Trzeba powiedzieć więcej i dobitniej: NIE MA CZEGOŚ TAKIEGO JAK "ALGORYTMY SUMUJĄCE". To jest bzdura na resorach wymyślona przez ludzi, którzy są totalnymi ignorantami jeśli chodzi o zasady działania procesorów i o programowanie. WSZYSTKIE PROGRAMY DAW WYKONUJĄ DOKŁADNIE TAKIE SAMO ZWYKŁE DODAWANIE. Można matematycznie udowodnić, że każdy inny sposób połączenia śladów byłby błędny z technicznego punktu widzenia i prowadziłby do mniej lub bardziej słyszalnych zniekształceń. Proszę więc przestać powtarzać tę piramidalną bzdurę....
**********************


Amen :)
AdromedaA6|Prophet'08|MinimoogVoyager|Virus TI|Roland:D550|JX-8P|Juno-106|αJuno1|JP8000|JD800|R-8M|Yamaha: EX5|TX7|CS-30|KORG: Poly800|microKORG|Monotron|POLY-61|Teisco60F|S.BassStation|DrumStation2|Waldorf Pulse, MFB502, Matrix1000...

Pająk
Posty:175
Rejestracja:wtorek 01 maja 2007, 00:00

Re: Nuendo vs Protools

Post autor: Pająk » piątek 04 maja 2007, 11:21

Wreszcie na temat. dzięki chłopaki.
Możecie mi polecić dobrej klasy przetwornik 8,16 in, 8,16 out lub 8,16 in/out przez adat który będzie wart tych pieniędzy...??

Pająk
Posty:175
Rejestracja:wtorek 01 maja 2007, 00:00

Re: Nuendo vs Protools

Post autor: Pająk » piątek 04 maja 2007, 11:28


A co do tego, dla czego PT jest tak potwornie drogi... płacisz nie za program, a za wewnętrzne karty DSP (bodajże 7000 euro/sztuka) odpowiadające za miks i obróbkę sygnału
Pozdrawiam....
**********************
Właśnie!
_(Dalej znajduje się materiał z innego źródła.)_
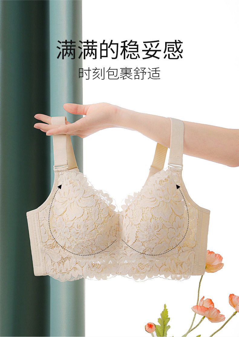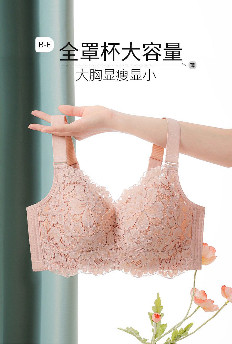 QC-W6169* 新品大胸显小文胸薄款内衣无钢圈聚拢超薄性感蕾丝收副乳(单件)

Jak te karty odpowiadają za miks???

Awatar użytkownika
preceli
Posty:2452
Rejestracja:poniedziałek 06 gru 2004, 00:00

Re: Nuendo vs Protools

Post autor: preceli » piątek 04 maja 2007, 11:29

...Wreszcie na temat. dzięki chłopaki

Lepiej popatrz ile to już razy było na ten temat, niezmiennie tak samo. I zacznij może już wreszcie czytać tę EiS.

...Możecie mi polecić dobrej klasy przetwornik 8,16 in, 8,16 out lub 8,16 in/out przez adat który będzie wart tych pieniędzy...??...

Też już było, wiele razy.
[addsig]
Wiedza zawsze ileś tam kosztuje, głupoty i niewiedzy nie da się oszacować.